Borealis operates two large production sites in Austria. Plants for the production of polypropylene (PP) and polyethylene (PE) with a total capacity just under 1 million metric tons/year are operated in Schwechat. At the site in Linz, the company produces base chemicals such as melamine, plant nutrients and technical nitrogen products with an annual production capacity of around 1.5 million metric tons.
At the beginning of 2015, the Energy Efficiency Act [Energieeffizienzgesetz = EEffG] implementing the EU Energy Efficiency Directive [EED] came into force in Austria. In the course of this, Borealis commissioned VTU Engineering to carry out an energy audit at its Austrian sites although the content of the audit far exceeded the level required by law. Of course, continuous improvement of resource and energy efficiency had already been
an integral part of the corporate strategy at Borealis long before the Energy Efficiency Act came into force. The aim during the audit was to discover yet more hidden potential for energy saving by taking an in-depth look at all the production processes. Thanks to a combination of specific expertise in energy technology and process knowledge, VTU is able to develop cross-discipline solutions in the field of energy optimization which are not possible if process and energy supply are considered separately. In addition to technical expertise and the latest methods and equipment for data analysis and process simulation, VTU has at its disposal highly qualified teams with five registered energy auditors. Another key success factor in optimization projects is the ability to integrate the plant operator's knowledge. This open collaboration was successfully implemented in this project. The energy audit at Borealis covered 18 production plants with a total energy consumption of almost 1,600 GWh/year. Processes with temperatures above 800 °C and pressures up to 3000 bar, plus a variety of technologies such as polymerization processes, ammonia synthesis and fertilizer production, as well as their process units, including compressors, pumps and heat exchangers, were put to the test, as were the media, power supply and distribution systems not to mention infrastructure and transport means.
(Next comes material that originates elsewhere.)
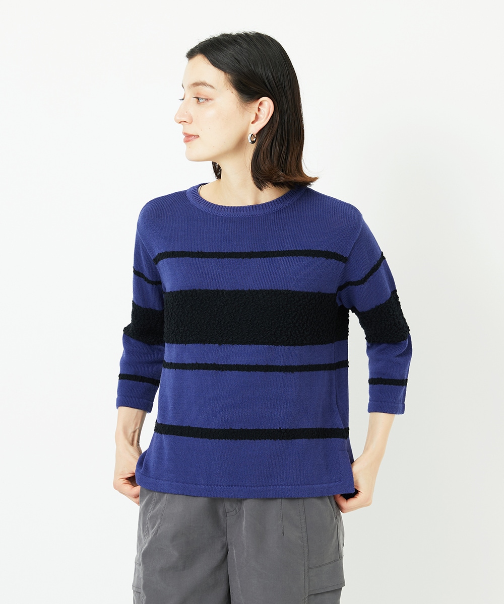 もこもこの凹凸感のあるボーダーニットで8部袖がお洒落です。

First of all, the energy experts recorded and analyzed the monthly consumption of all the energy sources and media consumption, these were then assessed in joint discussions and used to work out the next steps. Thanks to the outsider view, plant inspections on-site which focused on energy efficiency provided the basis for new discussions. A review of the power consumers led to new insights following comparisons that crossed plant boundaries. This knowledge was also incorporated in the recommendations for further implementing measures. Particular attention was paid to the large consumers and the continuously running systems with medium-sized connected loads, a typical example of this being pumps in operating resources networks, such as cooling-water pumps. Analysis of the operating points and comparison with operating and efficiency curves showed exciting potential for savings. Using the ASPEN plus simulation program, three production plants for nitric acid, urea and polypropylene were modelled in detail and the Aspen Energy Analyzer module was used to search for optimum heat integration. Despite a very high integration level in the plants on the Linz site, it was still possible to identify potential for some attractive savings which will be implemented in follow-up projects.